Many months ago we asked for our readers to guess the location of a photo we took in Kauai. The winner would get a cocktail named after them. The winner was our friend Viveka from My Guilty Pleasures, a blog about life with all it’s humor, delights, food and travel. It is also a blog about friendship. Viveka seems to collect friends, both in the physical and virtual world, at a very steady clip. She has a big, warm, generous heart.
Viveka is also patient. Because once she won our little contest, we knew we had to use a special homemade ingredient in her cocktail; limoncello. The only problem was that limoncello, while easy to make, takes a while. Like a few months. But we warned Viveka of the impending wait. And then we waited. And waited. But finally the wait is over.
Limoncello is basically a liqueur of lemon zest (with as little white pith as possible) soaked in grain alcohol (or strong vodka), strained and then sweetened with sugar syrup. You get a sweet, lemony liqueur without any sour notes. It’s good stuff. While you can make limoncello in just a few days, an infusion of 30-45 days is generally considered the best method. The you need to strain and filter the zest from the very-strong booze and add some simple syrup to get to about 60 proof and age it again for another 45 days (most people shorten this step). But since we are making cocktails, we took a slightly different path.
Our one issue with limoncello in cocktails is that it is a bit sweet and not strong enough to lead a cocktail. It is good as an accent, but we thought it could fully replace gin or vodka if our limoncello was stronger and dryer. So rather than use a mix of 50% or more simple syrup, we went with about 35-40% syrup. And since we were using 135 proof Everclear as our base, we ended up at about 90-100 proof. The limoncello is a bit strong on its own, but has the juice to carry a cocktail and gives a slight warming feel as you drink it. Not too hot or boozy, but you know it’s there.

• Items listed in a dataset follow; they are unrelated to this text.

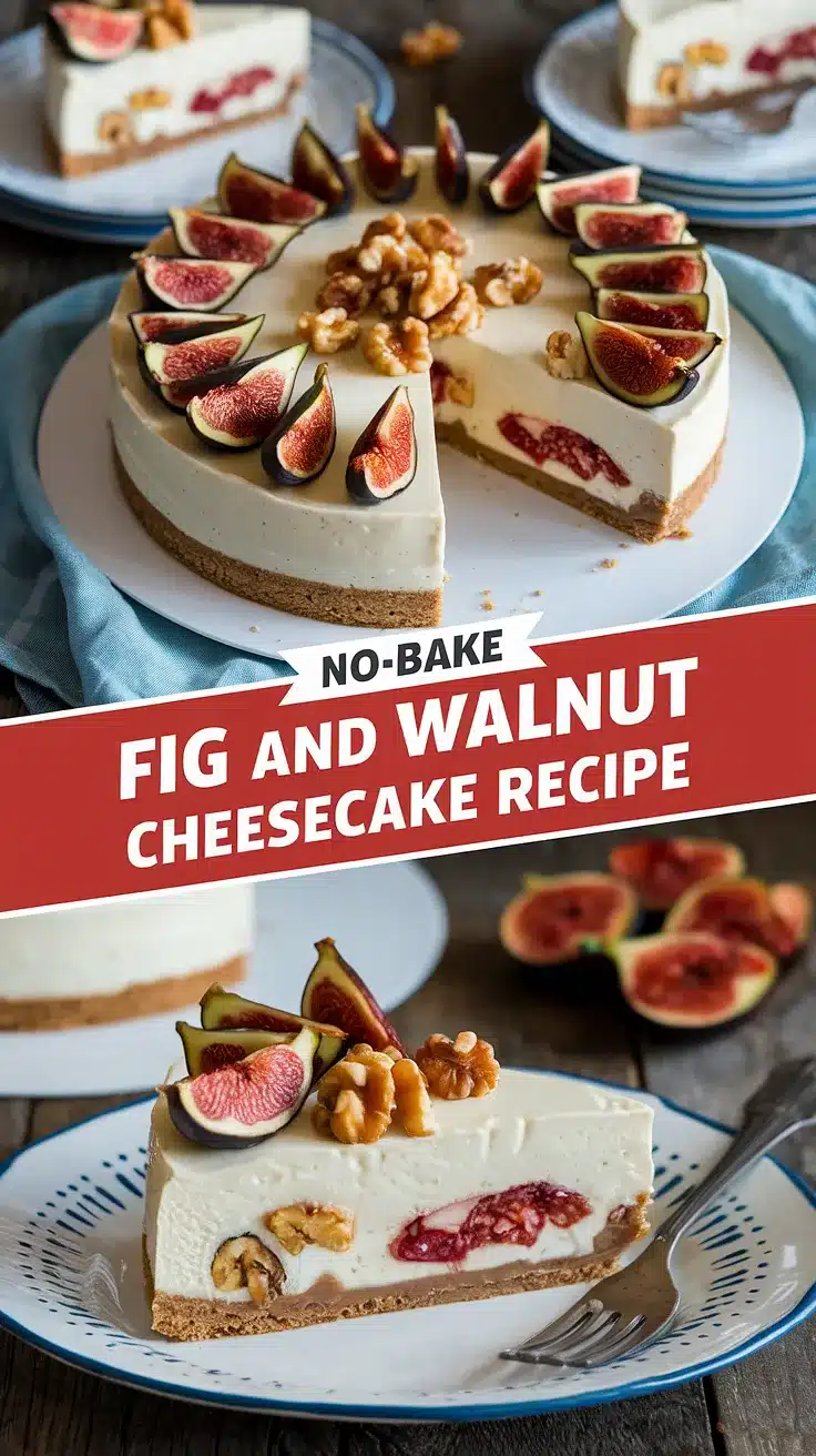This No-Bake Fig and Walnut Cheesecake features a creamy filling made from smooth cream cheese, whipped cream, and a hint of honey, perfectly balanced with a crunchy walnut crust. The addition of fresh figs on top adds not just flavor, but also a beautiful presentation.
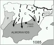 در سال ۱۰۹۵ م. زمانی که مسیحیان اروپایی به آغاز جنگهای صلیبی تشویق میشدند، شاهزادگان اروپایی به مدت یک قرن با موفقیتهای روزافزون در حال جنگ با مسلمانان در شبهجزیرهٔ ایبری و بیرون راندن آنان بودند. برتری پادشاهی لئون بر موروها در نبرد تولدو در سال ۱۰۸۵ م. اتفاق مهمی بود که در این دوران افتاد؛ هرچند سقوط آندلس در سالهای آینده به وقوع پیوست. جدایی و تفرقه بین امیران مسلمان دلیل اصلی این شکستها بود.[14]
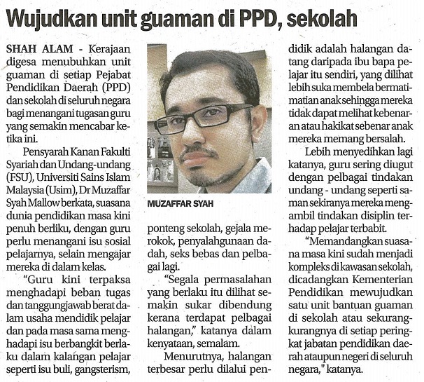 Wujudkan Unit Guaman Di PPD, Sekolah

And that was exactly what we wanted for our special cocktail. Our friend Viveka is not a fan of dark booze like rum or whiskey, so we wanted to use a “clear” booze. We do enough gin drinks around here, so that was out. And since Viveka is from Scandinavia, we figured she knows her vodka. Boozy limoncello seemed liked a good fit. And we even had a recipe in mind.
The Viveka combines, boozy limoncello, Cointreau, lemon juice and muddled raspberries (or raspberry syrup, if you must). The drink is a riff on the 1934 Cosmopolitan (an older, lesser-known- but IMHO better- version of the Cosmo), with the boozy limoncello replacing gin and fresh raspberries rather than syrup. (If using lower-proof limoncello, just add 1/2 oz. good vodka and a touch more lemon juice). What you get is a bright lemon sip that isn’t particularly sour, mixed with sweet orange and raspberry notes that almost seem to dance around. On the finish you get a nice warm kick from the limoncello. This drink has a warm heart, just like Viveka…..Here you go Wivi!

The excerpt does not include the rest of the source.